To illustrate this, three Chef nodes with different attributes (some attributes unset, some nil):

---
nodea:
  domain: example.com
  ruby_version: 2.1.0
nodeb:
  domain: different.co
  ruby_version:
  username: rundeck_svc_acct
nodec:
  domain:
  ruby_version:

This request would return something similar to the following:

# GET /*:*?default_domain=github.com&override_ruby_version=2.2.0&default_username=${option.username}

---
nodea:
  domain: example.com
  ruby_version: 2.2.0
  username: ${option.username}
nodeb:
  domain: different.co
  ruby_version: 2.2.0
  username: rundeck_svc_acct
nodec:
  domain: github.com
  ruby_version: 2.2.0
  username: ${option.username}

append_ing Attributes

In order to append static text to node attributes, set the GET parameter append_<attr>=<value> to append <value> to <attr> (you can combine this with default_ or override_).

A use case for append_ attributes is setting the SSH port of nodes (in case all your nodes have non-standard SSH ports)

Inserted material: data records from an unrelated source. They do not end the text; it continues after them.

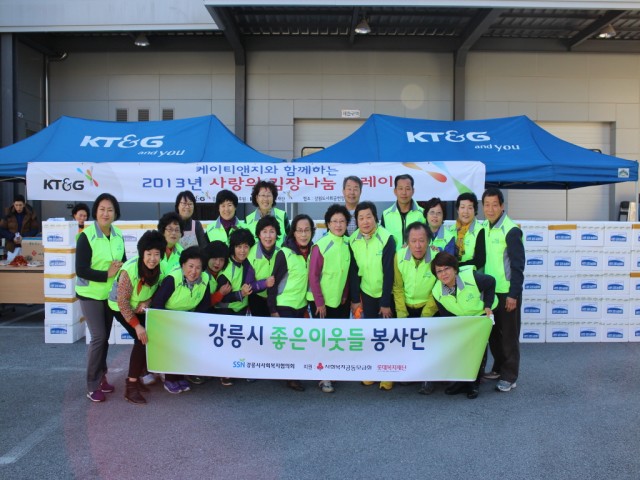 내 용 : KT&G와 강릉시사회복지협의회 좋은이웃들자원봉사들과 함께 김치를 담구어 어려운 이웃들에게 배분하였습니다.
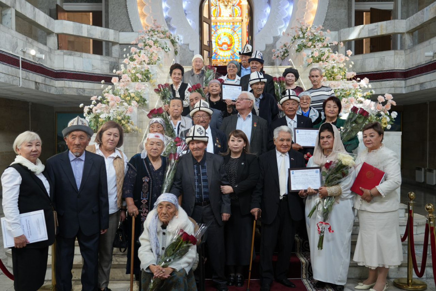 Иш-чара эл аралык карылар күнүн белгилөөнүн алдында уюштурулуп, Бакыт ордосунда бриллиант, изумруд жана алтын үйлөнүү тоюн белгилеп жаткан жубайлар маараке белгилешти.
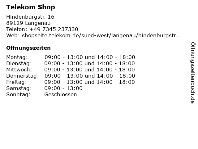 | Telefonnummer Telekom Shop in Langenau (+49 7345 237330) anrufen | |
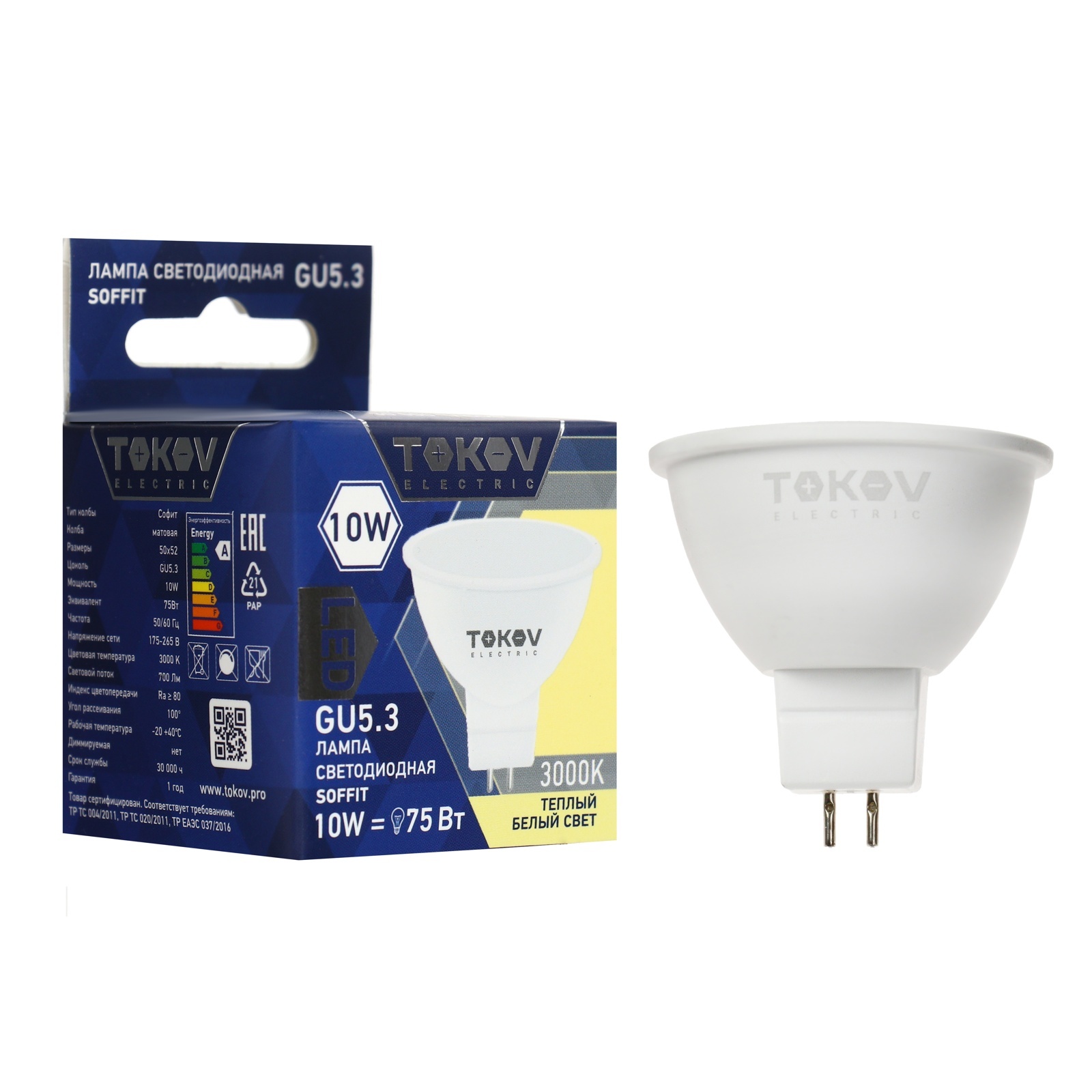 Лампа светодиодная Tokov Electric, 10 вт, Soffit, 3000 к, Gu5.3, 176-264в
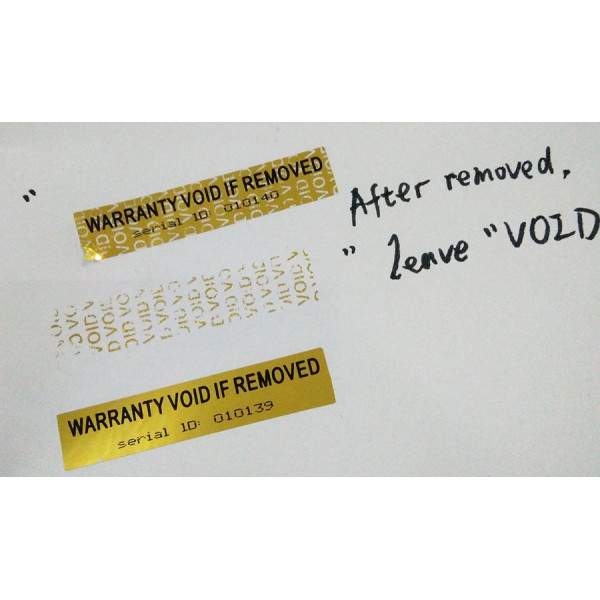 Etichette antieffrazione con le scritte "Warranty Void if removed" dotate di sigillo di garanzia.
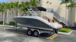 Discover the 2025 Yamaha 222SD at RIVA Motorsports Superstore in Deerfield Beach, FL, The World's Largest Personal Watercraft Dealer. This 22-foot jet boat offers premium luxury and performance with the E-Series Throttle System and DRiVE technology, perfect for cruising and watersports. A galvanized trailer ensures durable towing.
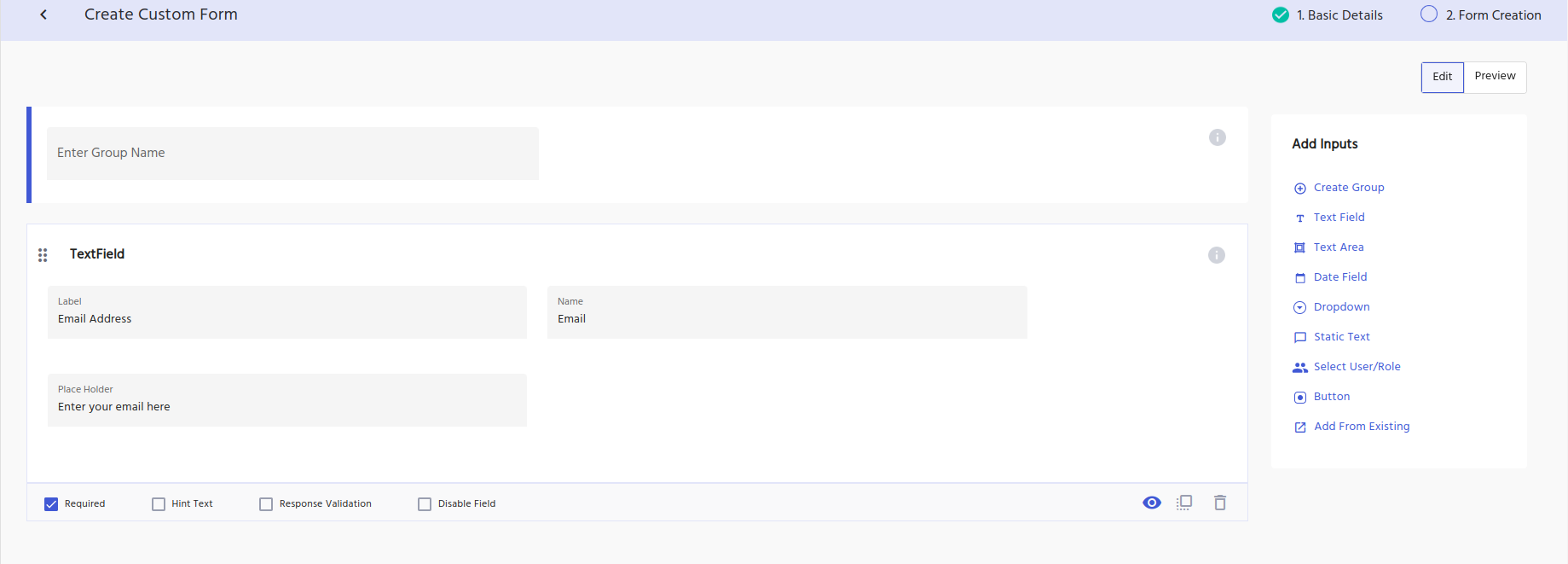 - After entering all the required fields, you can also preview the form, by clicking on the
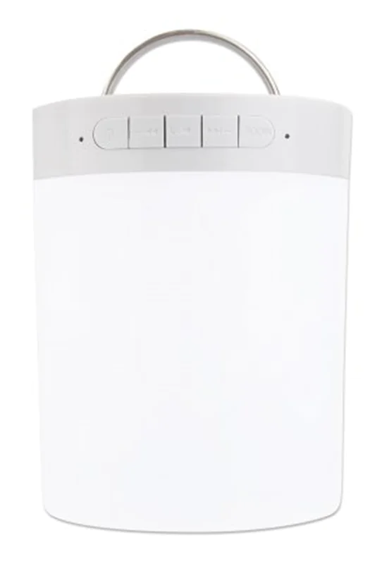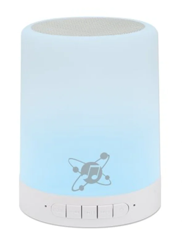 Manhattan Sound Science Bluetooth Speaker (Clearance Pricing), 5 hour Playback time, Range 10m, microSD card reader (32GB), Aux 3.5mm connector, Output 3W, USB-A charging cable included, 1200mAH battery, Bluetooth v5, Built-in hanger, White, 3 Year Warran
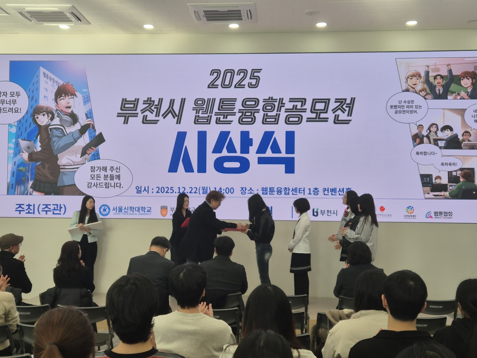 2025.12.22. 서울신학대, 부천대 주관 ‘부천시 웹툰융합공모전’ 시상식 작성자: 사무국장 작성일: 2026-04-19 02:15 조회: 12 서울신학대, 부천대 주관 ‘부천시 웹툰융합공모전’ 시상식 ← 다음글: 2025.12.19. 2025년 웹툰협회x한국만화스… → 이전글: 2025.11.03. 제25회 만화의 날 기념식 참석 목록

To illustrate this, three Chef nodes with different attributes (some attributes unset, some nil):

---
nodea:
  fqdn: nodea
nodeb:
  fqdn: nodeb
nodec:
  fqdn: nodec

This request would return something similar to the following:

# GET /*:*?hostname=fqdn&append_hostname=:22222

---
nodea:
  fqdn: nodea:22222
nodeb:
  fqdn: nodeb:22222
nodec:
  fqdn: nodec:22222

Merging attributes in tags attribute

In order to merge the values of multiple attributes in the tags attribute, you can set the tags GET parameter to the list of attributes you want to merge joined with $$$. The result for the tags attribute will then be flattened. For example:

Chef node:

---
anothernode:
  environment: prod
  fqdn: anothernode.example.com
  ipaddress: 100.101.102.103
  run_list: 
  - recipe[base_os]
  - role[webserver]
  roles:
  - webserver
  platform: redhat
  tags:
  - rundeck-managed
  - some-tag

# GET /name:anothernode?env=environment&roles&tags=environment$$$roles$$$run_list$$$tags

---
anothernode:
  env: prod
  roles:
  - webserver
  tags:
  - prod
  - webserver
  - recipe[base_os]
  - role[webserver]
  - rundeck-managed
  - some-tag

Contributing

  1. Fork the repo in GitHub
  2. Create a branch (with a logical name like feat/x or fix/y)
  3. Make your changes (and add applicable tests)
  4. Create a pull request

Testing

Tested with rspec and chef-zero. You can execute the tests with:

$ bundle
$ bundle exec rspec

Tests are built with Travis CI on all pushes. Tests require chef-zero, which requires Ruby version >= 2.1.0, so tests are only run for those versions of Ruby. However, the app itself should work on older versions of Ruby.